- [Dataset excerpt]
※

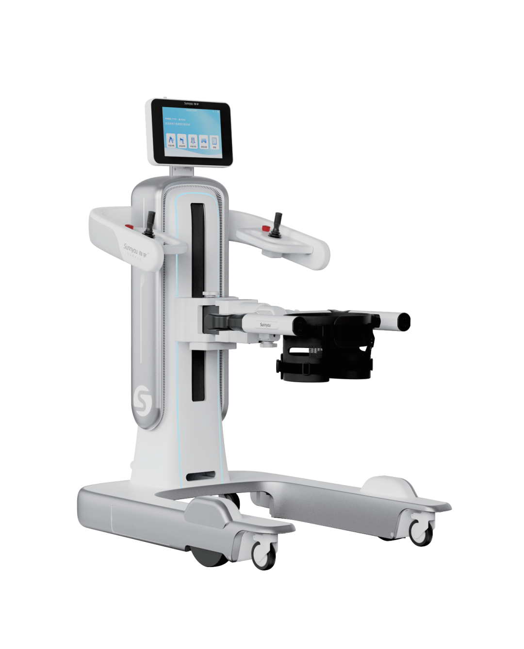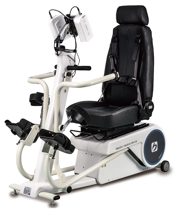 這是一款針對(duì)步行功能障礙進(jìn)行高效康復(fù)訓(xùn)練的下肢康復(fù)機(jī)器人。產(chǎn)品由計(jì)算機(jī)控制系統(tǒng)、步態(tài)矯正裝置系統(tǒng)、動(dòng)靜態(tài)減重系統(tǒng)、醫(yī)用跑臺(tái)系統(tǒng)以及情景互動(dòng)訓(xùn)練系統(tǒng)五大模塊組成。它可以使患者在直立體位下通過(guò)不斷重復(fù)且軌跡固定的步態(tài)訓(xùn)練,強(qiáng)化正常步態(tài)記憶,促進(jìn)患者本體感覺(jué)的輸入與正確運(yùn)動(dòng)模式的形成,從而加強(qiáng)大腦結(jié)構(gòu)和功能重塑,建立正確的行走模式并有效的鍛煉其相關(guān)肌肉與關(guān)節(jié),加速下肢功能的恢復(fù)。
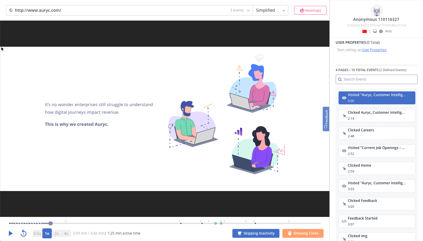 The powers of Auryc and Segment allow for insights automation without custom code or expensive engineering implementation time. Just sign up for Auryc, and paste your credentials into the Segment integrations page and the Segment snippet will load Auryc automatically and your journey to automated insights begins immediately.
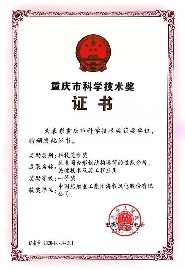 中國(guó)船舶集團(tuán)旗下中國(guó)海裝申報(bào)的兩項(xiàng)成果《高效安全大型風(fēng)電機(jī)組傳動(dòng)鏈關(guān)鍵技術(shù)與應(yīng)用》《風(fēng)電圓臺(tái)形鋼結(jié)構(gòu)塔筒的性能分析、關(guān)鍵技術(shù)及其工程應(yīng)用》榮獲重慶市科技進(jìn)步獎(jiǎng)一等獎(jiǎng)。
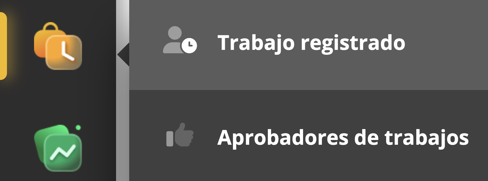 Para navegar a Trabajo registrado, use el menú del lado izquierdo como se ilustra a continuación. Otras formas son navegar desde la tarjeta de proyecto o una tarjeta de candidato, que además seleccionará los filtros relevantes.

※

Your copy should match the listing exactly, apart from the pictures it leaves out.

 這是一款針對(duì)步行功能障礙進(jìn)行高效康復(fù)訓(xùn)練的下肢康復(fù)機(jī)器人。產(chǎn)品由計(jì)算機(jī)控制系統(tǒng)、步態(tài)矯正裝置系統(tǒng)、動(dòng)靜態(tài)減重系統(tǒng)、醫(yī)用跑臺(tái)系統(tǒng)以及情景互動(dòng)訓(xùn)練系統(tǒng)五大模塊組成。它可以使患者在直立體位下通過(guò)不斷重復(fù)且軌跡固定的步態(tài)訓(xùn)練,強(qiáng)化正常步態(tài)記憶,促進(jìn)患者本體感覺(jué)的輸入與正確運(yùn)動(dòng)模式的形成,從而加強(qiáng)大腦結(jié)構(gòu)和功能重塑,建立正確的行走模式并有效的鍛煉其相關(guān)肌肉與關(guān)節(jié),加速下肢功能的恢復(fù)。
 The powers of Auryc and Segment allow for insights automation without custom code or expensive engineering implementation time. Just sign up for Auryc, and paste your credentials into the Segment integrations page and the Segment snippet will load Auryc automatically and your journey to automated insights begins immediately.
 中國(guó)船舶集團(tuán)旗下中國(guó)海裝申報(bào)的兩項(xiàng)成果《高效安全大型風(fēng)電機(jī)組傳動(dòng)鏈關(guān)鍵技術(shù)與應(yīng)用》《風(fēng)電圓臺(tái)形鋼結(jié)構(gòu)塔筒的性能分析、關(guān)鍵技術(shù)及其工程應(yīng)用》榮獲重慶市科技進(jìn)步獎(jiǎng)一等獎(jiǎng)。
 Para navegar a Trabajo registrado, use el menú del lado izquierdo como se ilustra a continuación. Otras formas son navegar desde la tarjeta de proyecto o una tarjeta de candidato, que además seleccionará los filtros relevantes.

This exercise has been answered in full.